We all have various thresholds for tolerance that some might consider irrational. Pet peeves. Small things that can make our neurons explode over something others might consider irrelevant. The kind of triviality that drags you into a Twitter argument while others look on and think, “really?”
I’ll confess there are too many of these insignificant traps laid inside my head. One of them is baited to go off in two months when someone will inevitably refer to top-15 players Xander Schauffele or Tony Finau or Viktor Hovland as “one of the best players never to have won a major.” When that happens, I’m going to snap.

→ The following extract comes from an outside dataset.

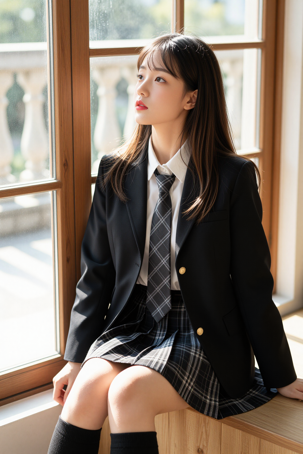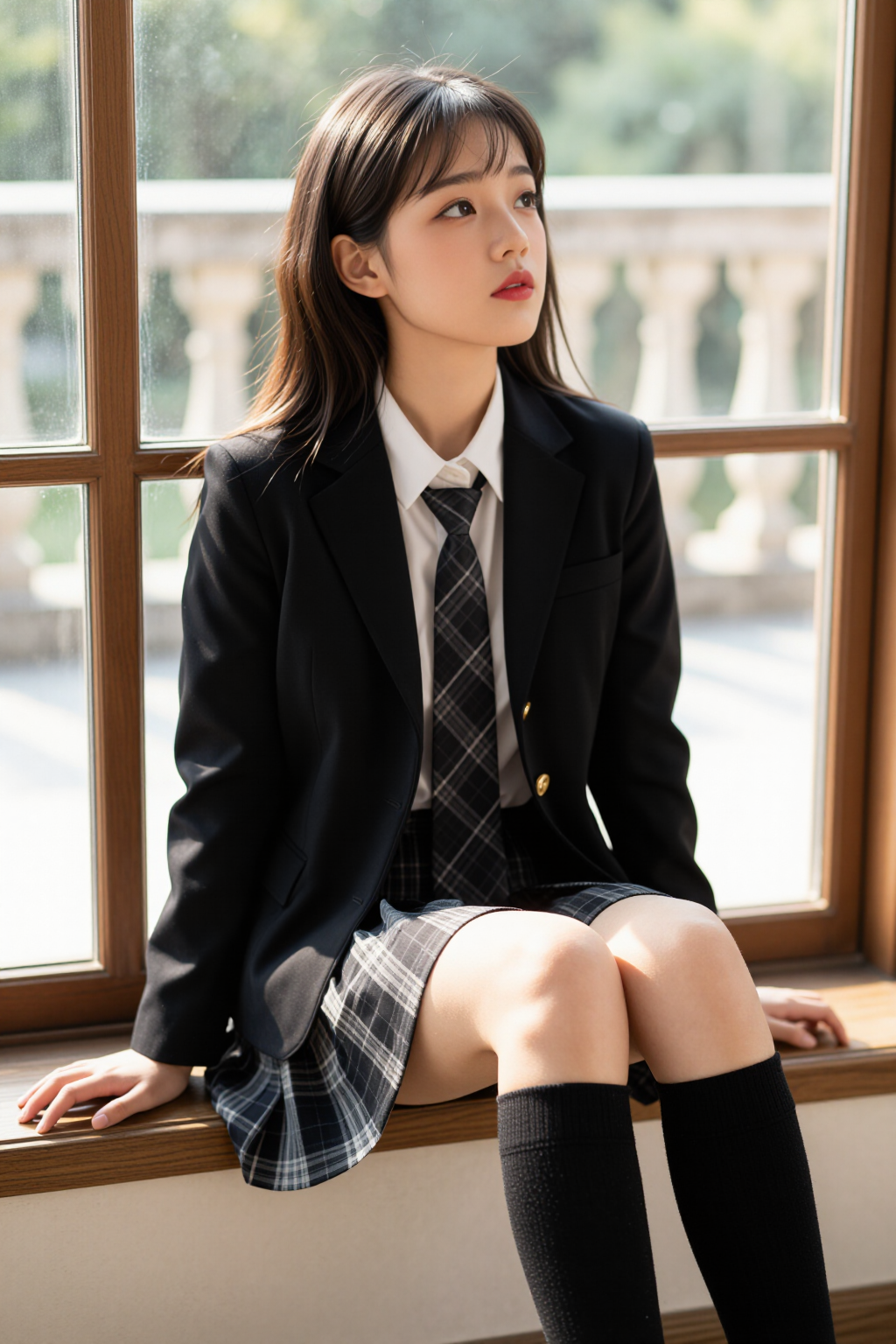 简约黑色系穿搭低调又耐看,日常出行与通勤都十分适配。整体以利落版型为主,挺括的黑色外套能够很好地修饰身形,挺括的面料自带质感,既不会过于紧绷,又能勾勒出利落的线条。内搭选择简约的白色衬衫,干净清爽,搭配同色系格纹领带,增加了整体的层次感,避免了单调。下身搭配格纹半身裙,经典的格纹元素注入了一丝活力,A字版型巧妙修饰胯部线条,搭配黑色中筒袜,既能保暖又能优化腿部比例,让整体造型更显修长。这套搭配经典配色不挑人,利落线条更显精神,不刻意不浮夸,日常穿着舒适又得体,轻松打造干净大方的形象。搭配时选合身不紧绷的版型,注重面料垂感,保持整体色系统一,就能穿出简约高级的质感。

That phrase gets used so often that it cheapens the concept. At the same time, it is grossly unfair to many of the golfers to which it is directed as a combination of compliment and slur. Aside from accepted facts – they’re ranked high in the world and they haven’t won a major championship to date – players such as Schauffele, Finau and Hovland couldn’t be more different. Schauffele has only played in 14 majors; Finau still hasn’t won a non-opposite-field PGA Tour event; Hovland hasn’t even played in every major yet.
Whether the argument is semantic or subjective, there needs to be a codified definition of what qualifies as “greatest” or “best” when it comes to players without majors and when it is fair to judge them for it. Having spent way too much time worrying about such things, I’ve sorted it into two fraternities – GNOMEs (Greatest NO Major Ever) and BP-WAMYs (Best Players Without A Major Yet). One category is a fixed historical achievement. The other is an active registry based on a set of various prerequisite parameters.